Exercise: Only the lines from the start of the data through the line containing "Wisznicki GOK rokrocznie przygotowuje Jasełka" should be written out, exactly as they are, with both ends included and the pictures left out.

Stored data
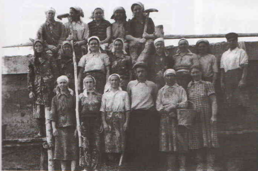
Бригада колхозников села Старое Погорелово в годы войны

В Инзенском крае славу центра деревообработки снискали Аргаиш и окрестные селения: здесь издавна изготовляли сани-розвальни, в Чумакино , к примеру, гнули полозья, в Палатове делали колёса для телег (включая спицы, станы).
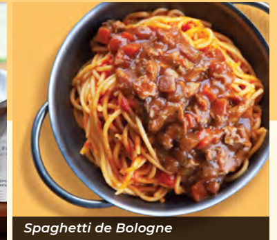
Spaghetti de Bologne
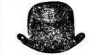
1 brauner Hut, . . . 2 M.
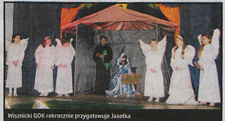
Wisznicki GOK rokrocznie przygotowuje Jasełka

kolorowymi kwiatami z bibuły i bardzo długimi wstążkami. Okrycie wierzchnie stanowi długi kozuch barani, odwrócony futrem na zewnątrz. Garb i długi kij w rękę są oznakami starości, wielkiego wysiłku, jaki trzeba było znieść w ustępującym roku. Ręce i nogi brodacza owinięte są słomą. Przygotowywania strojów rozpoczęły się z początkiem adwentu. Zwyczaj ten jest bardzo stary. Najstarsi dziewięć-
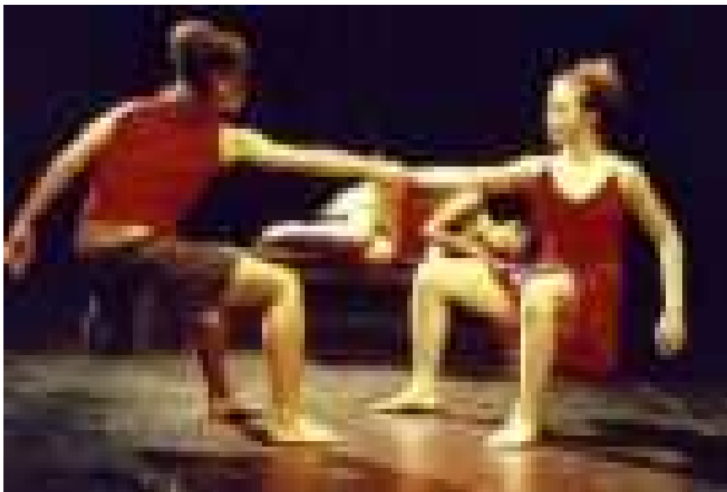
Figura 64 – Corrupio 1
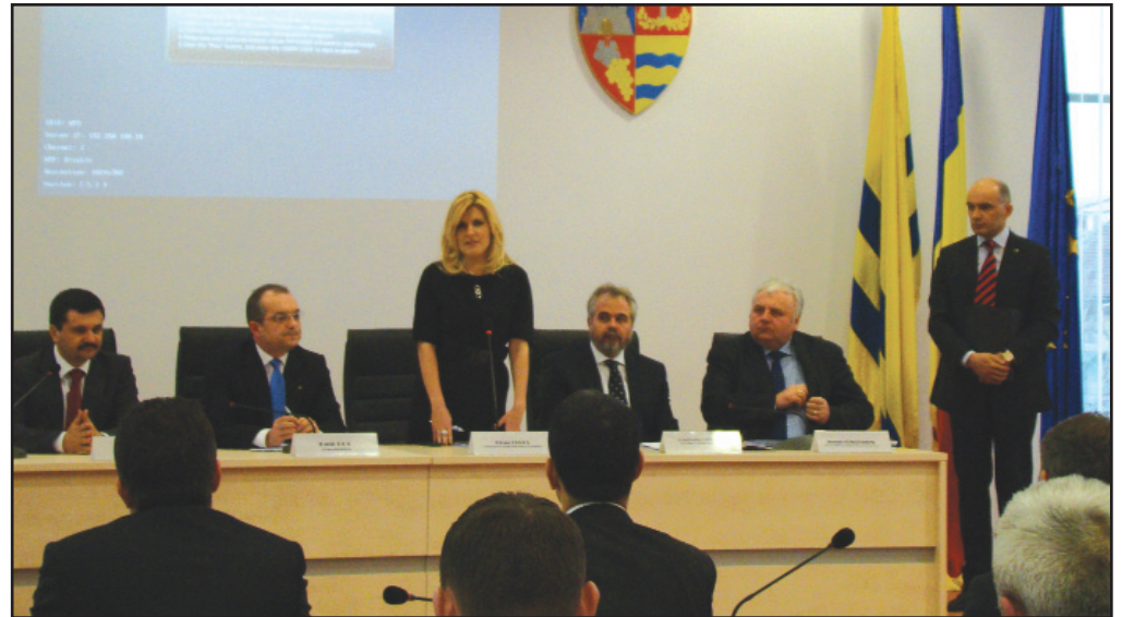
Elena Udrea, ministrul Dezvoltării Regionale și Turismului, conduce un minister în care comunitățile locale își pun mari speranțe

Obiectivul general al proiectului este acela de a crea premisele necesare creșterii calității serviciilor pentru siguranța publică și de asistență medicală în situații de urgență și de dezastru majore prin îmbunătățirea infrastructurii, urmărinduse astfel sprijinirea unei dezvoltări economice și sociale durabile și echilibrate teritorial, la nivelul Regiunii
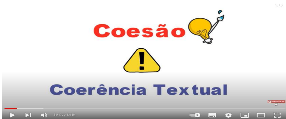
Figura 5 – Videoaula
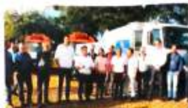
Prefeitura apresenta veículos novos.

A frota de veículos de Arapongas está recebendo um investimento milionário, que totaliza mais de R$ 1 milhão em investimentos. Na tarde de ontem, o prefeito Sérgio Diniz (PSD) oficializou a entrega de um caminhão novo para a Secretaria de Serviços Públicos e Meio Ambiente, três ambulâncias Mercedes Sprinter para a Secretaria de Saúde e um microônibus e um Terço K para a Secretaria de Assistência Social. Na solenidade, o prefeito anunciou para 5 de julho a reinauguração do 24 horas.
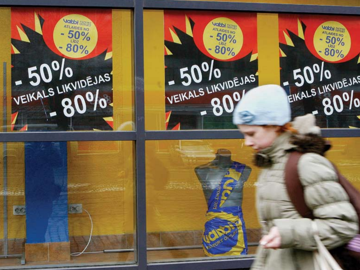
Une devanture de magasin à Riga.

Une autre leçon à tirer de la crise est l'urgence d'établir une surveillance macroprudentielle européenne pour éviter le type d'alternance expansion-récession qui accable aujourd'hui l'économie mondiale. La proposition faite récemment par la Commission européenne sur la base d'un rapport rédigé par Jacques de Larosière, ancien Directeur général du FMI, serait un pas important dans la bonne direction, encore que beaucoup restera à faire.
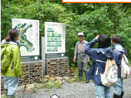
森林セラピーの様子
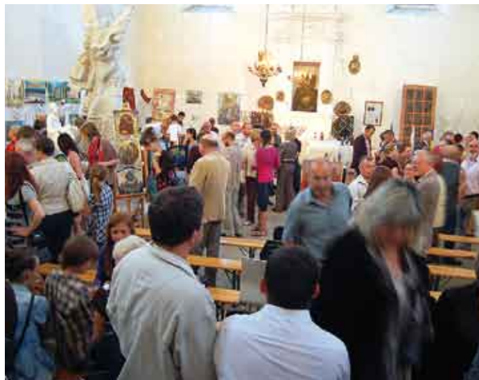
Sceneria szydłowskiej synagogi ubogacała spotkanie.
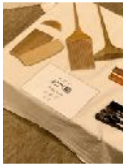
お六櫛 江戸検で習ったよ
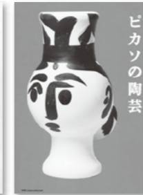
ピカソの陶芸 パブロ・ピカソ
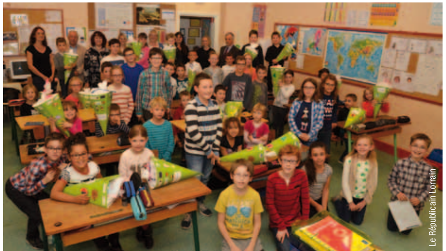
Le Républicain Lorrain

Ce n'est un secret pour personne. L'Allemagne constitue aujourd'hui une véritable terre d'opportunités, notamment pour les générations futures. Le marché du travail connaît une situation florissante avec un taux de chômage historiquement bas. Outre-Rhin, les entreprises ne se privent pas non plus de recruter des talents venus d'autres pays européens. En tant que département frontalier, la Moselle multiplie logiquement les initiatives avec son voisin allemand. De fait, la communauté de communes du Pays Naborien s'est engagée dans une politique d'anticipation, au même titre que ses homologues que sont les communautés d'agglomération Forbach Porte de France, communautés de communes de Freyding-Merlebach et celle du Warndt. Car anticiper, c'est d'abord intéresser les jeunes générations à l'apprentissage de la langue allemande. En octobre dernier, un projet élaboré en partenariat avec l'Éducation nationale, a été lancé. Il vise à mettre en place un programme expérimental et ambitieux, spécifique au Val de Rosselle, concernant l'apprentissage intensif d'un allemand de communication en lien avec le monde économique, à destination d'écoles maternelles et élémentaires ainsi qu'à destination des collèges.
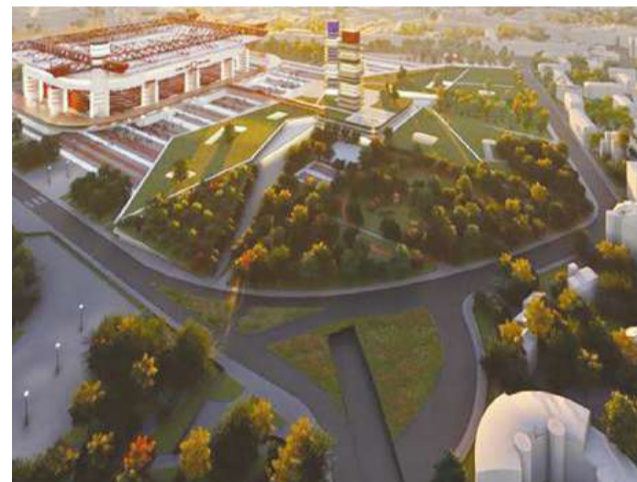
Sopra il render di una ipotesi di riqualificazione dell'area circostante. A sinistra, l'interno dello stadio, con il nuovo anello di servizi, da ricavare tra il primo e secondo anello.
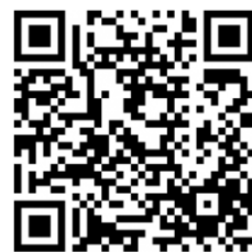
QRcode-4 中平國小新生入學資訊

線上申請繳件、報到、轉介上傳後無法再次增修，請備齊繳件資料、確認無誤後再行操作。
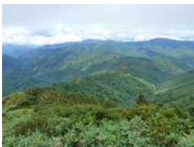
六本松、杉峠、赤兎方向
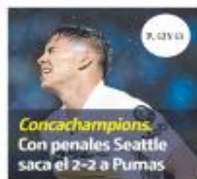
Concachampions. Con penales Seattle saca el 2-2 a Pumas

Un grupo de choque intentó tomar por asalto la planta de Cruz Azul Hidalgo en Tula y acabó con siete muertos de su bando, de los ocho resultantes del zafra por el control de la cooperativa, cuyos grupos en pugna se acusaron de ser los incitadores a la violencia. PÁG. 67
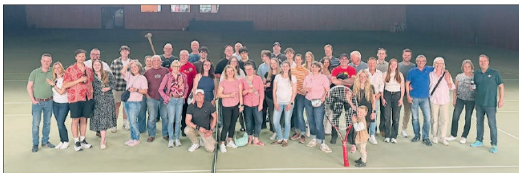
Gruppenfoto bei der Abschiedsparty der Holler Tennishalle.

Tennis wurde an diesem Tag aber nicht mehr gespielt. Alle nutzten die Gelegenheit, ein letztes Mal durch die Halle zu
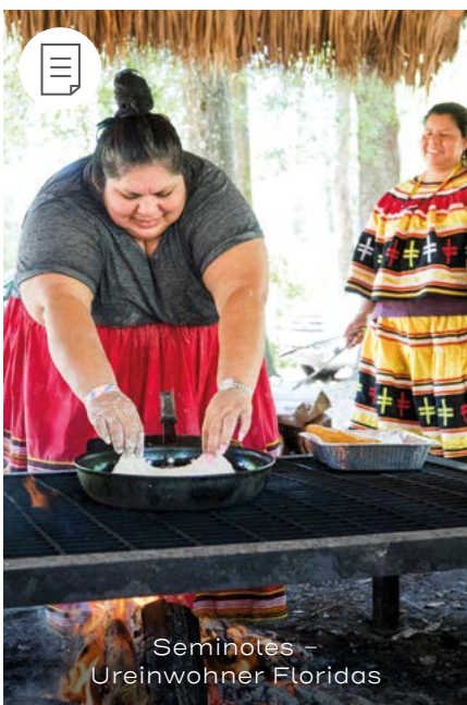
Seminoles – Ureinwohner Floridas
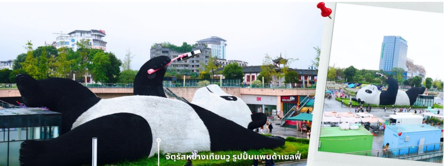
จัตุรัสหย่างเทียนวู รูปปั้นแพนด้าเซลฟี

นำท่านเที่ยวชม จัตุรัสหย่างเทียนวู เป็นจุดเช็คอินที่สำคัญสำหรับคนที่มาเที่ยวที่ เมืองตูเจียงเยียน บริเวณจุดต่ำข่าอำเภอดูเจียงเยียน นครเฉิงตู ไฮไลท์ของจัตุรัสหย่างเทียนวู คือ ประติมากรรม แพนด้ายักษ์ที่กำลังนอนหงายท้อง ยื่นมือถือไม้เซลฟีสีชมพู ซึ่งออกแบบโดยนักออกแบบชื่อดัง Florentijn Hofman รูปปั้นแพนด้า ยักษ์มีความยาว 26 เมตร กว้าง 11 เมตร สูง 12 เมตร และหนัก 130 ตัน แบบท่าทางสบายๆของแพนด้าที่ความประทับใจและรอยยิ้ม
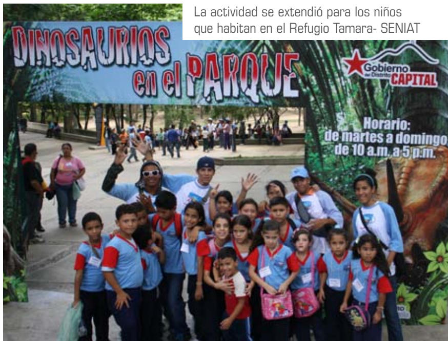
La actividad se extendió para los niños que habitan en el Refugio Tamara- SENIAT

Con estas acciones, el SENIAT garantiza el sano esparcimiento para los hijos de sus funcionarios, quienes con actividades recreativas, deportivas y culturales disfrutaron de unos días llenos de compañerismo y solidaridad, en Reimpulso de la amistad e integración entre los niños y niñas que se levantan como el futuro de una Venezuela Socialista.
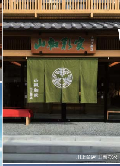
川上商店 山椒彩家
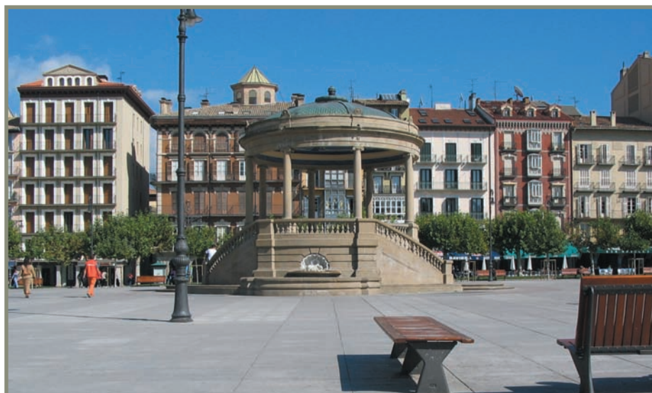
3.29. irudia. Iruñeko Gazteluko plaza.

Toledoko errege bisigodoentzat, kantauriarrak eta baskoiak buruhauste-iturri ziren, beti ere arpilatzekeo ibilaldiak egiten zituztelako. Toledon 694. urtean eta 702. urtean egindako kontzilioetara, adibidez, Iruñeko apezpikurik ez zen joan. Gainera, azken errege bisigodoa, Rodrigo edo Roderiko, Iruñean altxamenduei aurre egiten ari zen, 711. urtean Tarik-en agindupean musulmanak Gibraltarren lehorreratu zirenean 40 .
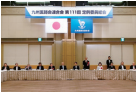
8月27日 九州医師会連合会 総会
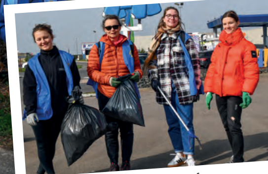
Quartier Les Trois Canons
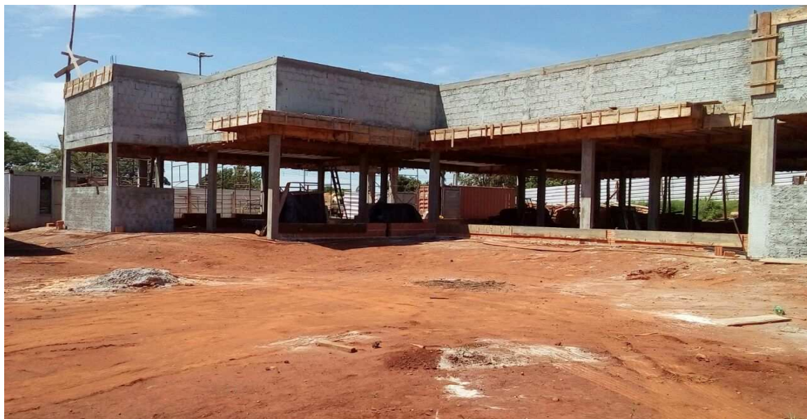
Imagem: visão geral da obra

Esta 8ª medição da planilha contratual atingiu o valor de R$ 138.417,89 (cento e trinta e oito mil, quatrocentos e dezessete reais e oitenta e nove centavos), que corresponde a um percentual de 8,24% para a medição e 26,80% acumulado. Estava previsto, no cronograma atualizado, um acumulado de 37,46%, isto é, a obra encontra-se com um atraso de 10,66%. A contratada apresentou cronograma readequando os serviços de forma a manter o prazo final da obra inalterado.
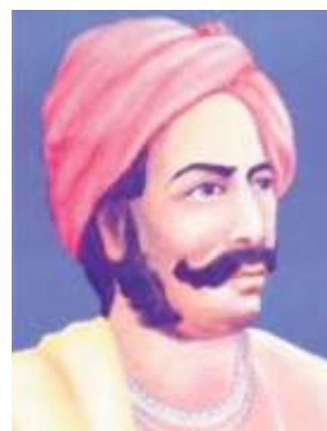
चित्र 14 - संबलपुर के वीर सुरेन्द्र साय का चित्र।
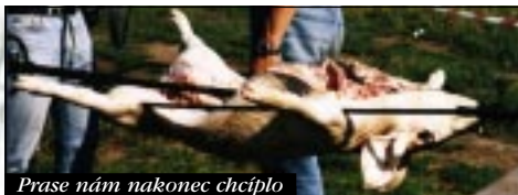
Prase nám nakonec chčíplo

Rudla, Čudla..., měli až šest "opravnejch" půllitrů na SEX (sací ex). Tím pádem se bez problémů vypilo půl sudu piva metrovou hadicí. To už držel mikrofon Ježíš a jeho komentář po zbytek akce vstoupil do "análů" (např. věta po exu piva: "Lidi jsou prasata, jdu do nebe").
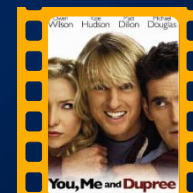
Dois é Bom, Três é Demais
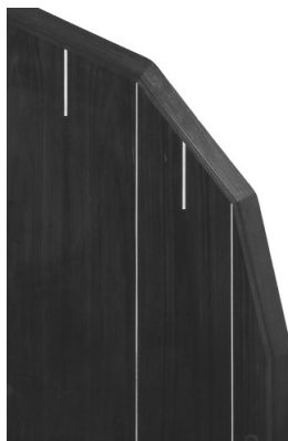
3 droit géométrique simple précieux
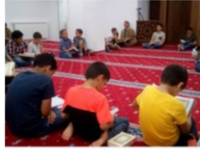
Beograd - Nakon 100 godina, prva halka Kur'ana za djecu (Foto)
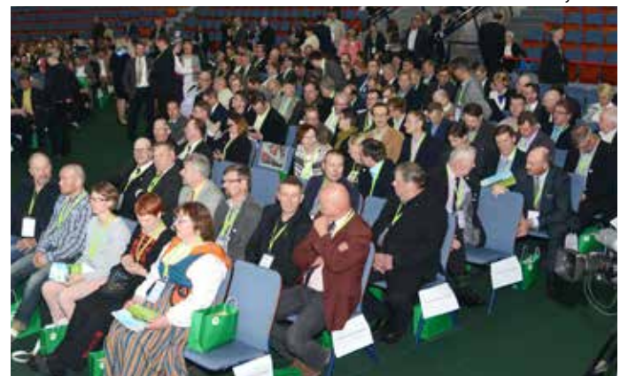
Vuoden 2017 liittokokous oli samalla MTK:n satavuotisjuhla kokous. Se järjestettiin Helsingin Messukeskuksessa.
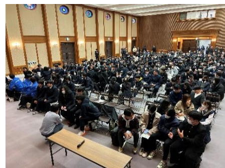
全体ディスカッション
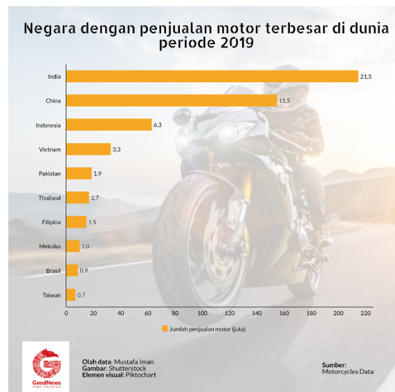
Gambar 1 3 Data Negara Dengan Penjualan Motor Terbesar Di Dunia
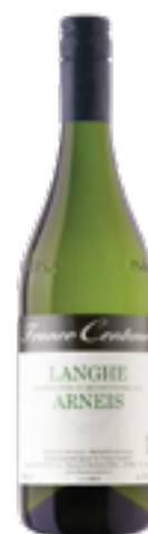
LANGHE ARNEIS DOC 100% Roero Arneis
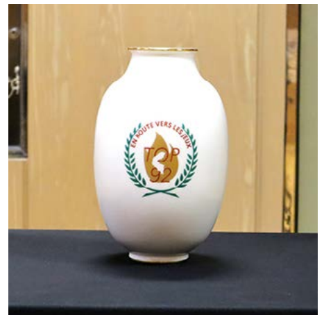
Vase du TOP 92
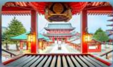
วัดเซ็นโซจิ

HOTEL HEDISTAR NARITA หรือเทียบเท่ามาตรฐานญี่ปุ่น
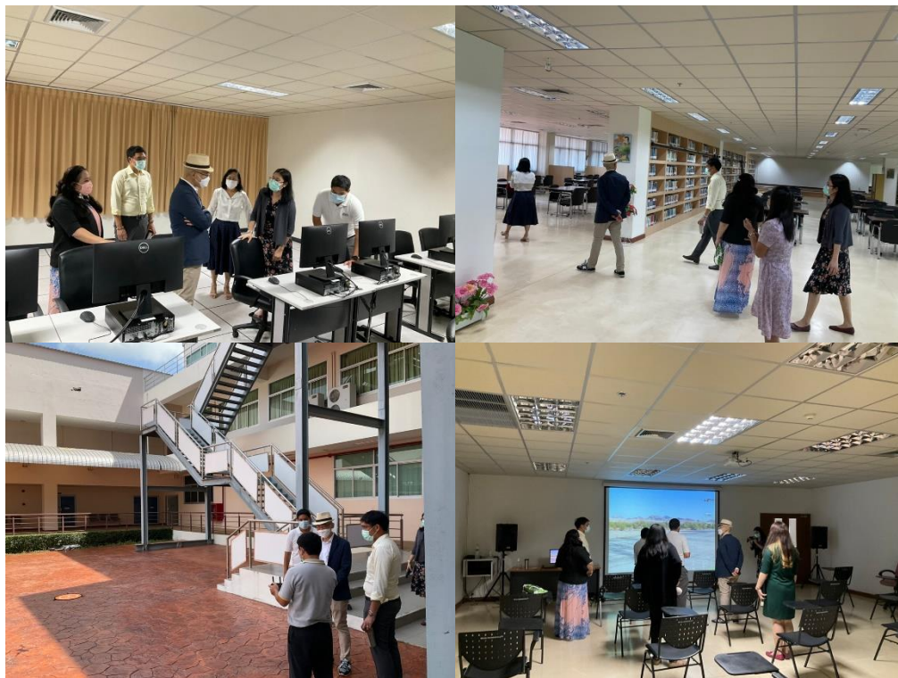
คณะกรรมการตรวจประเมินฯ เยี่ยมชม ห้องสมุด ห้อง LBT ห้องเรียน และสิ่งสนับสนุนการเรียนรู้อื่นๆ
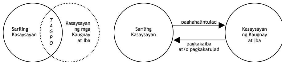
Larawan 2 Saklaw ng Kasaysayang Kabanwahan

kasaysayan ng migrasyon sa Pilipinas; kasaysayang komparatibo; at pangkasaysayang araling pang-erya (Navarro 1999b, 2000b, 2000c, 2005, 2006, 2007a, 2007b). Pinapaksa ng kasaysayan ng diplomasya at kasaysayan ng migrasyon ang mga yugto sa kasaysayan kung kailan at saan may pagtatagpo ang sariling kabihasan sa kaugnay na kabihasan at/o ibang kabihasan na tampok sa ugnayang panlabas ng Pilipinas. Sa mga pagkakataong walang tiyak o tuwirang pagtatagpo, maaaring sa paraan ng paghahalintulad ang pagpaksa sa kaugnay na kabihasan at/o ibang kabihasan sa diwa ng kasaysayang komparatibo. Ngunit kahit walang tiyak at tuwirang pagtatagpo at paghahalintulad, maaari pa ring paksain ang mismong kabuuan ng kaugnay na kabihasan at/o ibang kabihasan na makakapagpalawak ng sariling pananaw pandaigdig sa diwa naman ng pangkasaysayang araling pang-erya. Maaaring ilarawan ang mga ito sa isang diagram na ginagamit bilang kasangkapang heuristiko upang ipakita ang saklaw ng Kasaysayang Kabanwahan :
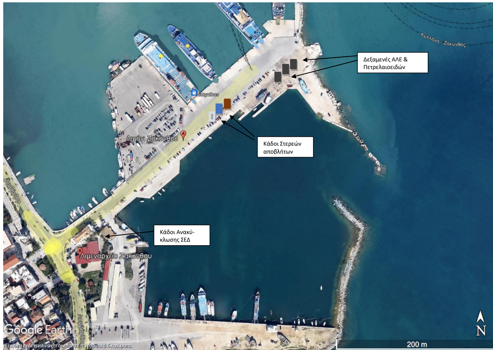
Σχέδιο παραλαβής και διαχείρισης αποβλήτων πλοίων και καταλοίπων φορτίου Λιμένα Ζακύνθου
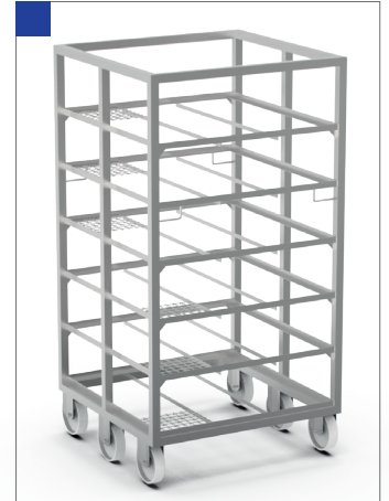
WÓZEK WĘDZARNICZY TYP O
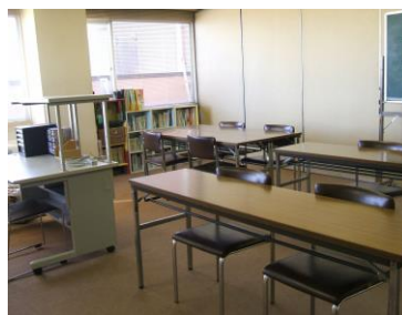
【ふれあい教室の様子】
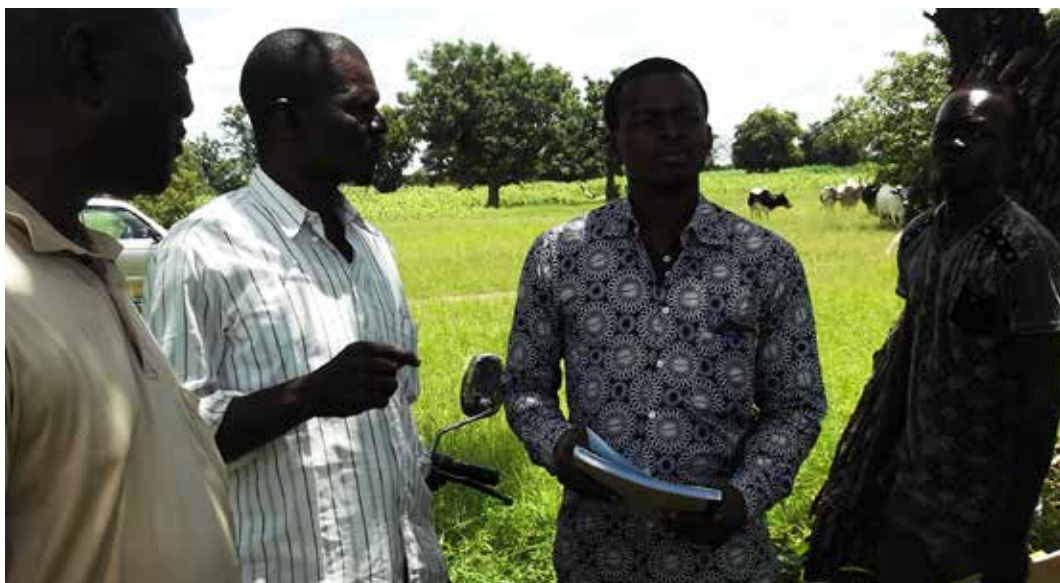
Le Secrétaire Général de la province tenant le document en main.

Response below:
Бригада колхозников села Старое Погорелово в годы войны

В Инзенском крае славу центра деревообработки снискали Аргаиш и окрестные селения: здесь издавна изготовляли сани-розвальни, в Чумакино , к примеру, гнули полозья, в Палатове делали колёса для телег (включая спицы, станы).
Spaghetti de Bologne
1 brauner Hut, . . . 2 M.
Wisznicki GOK rokrocznie przygotowuje Jasełka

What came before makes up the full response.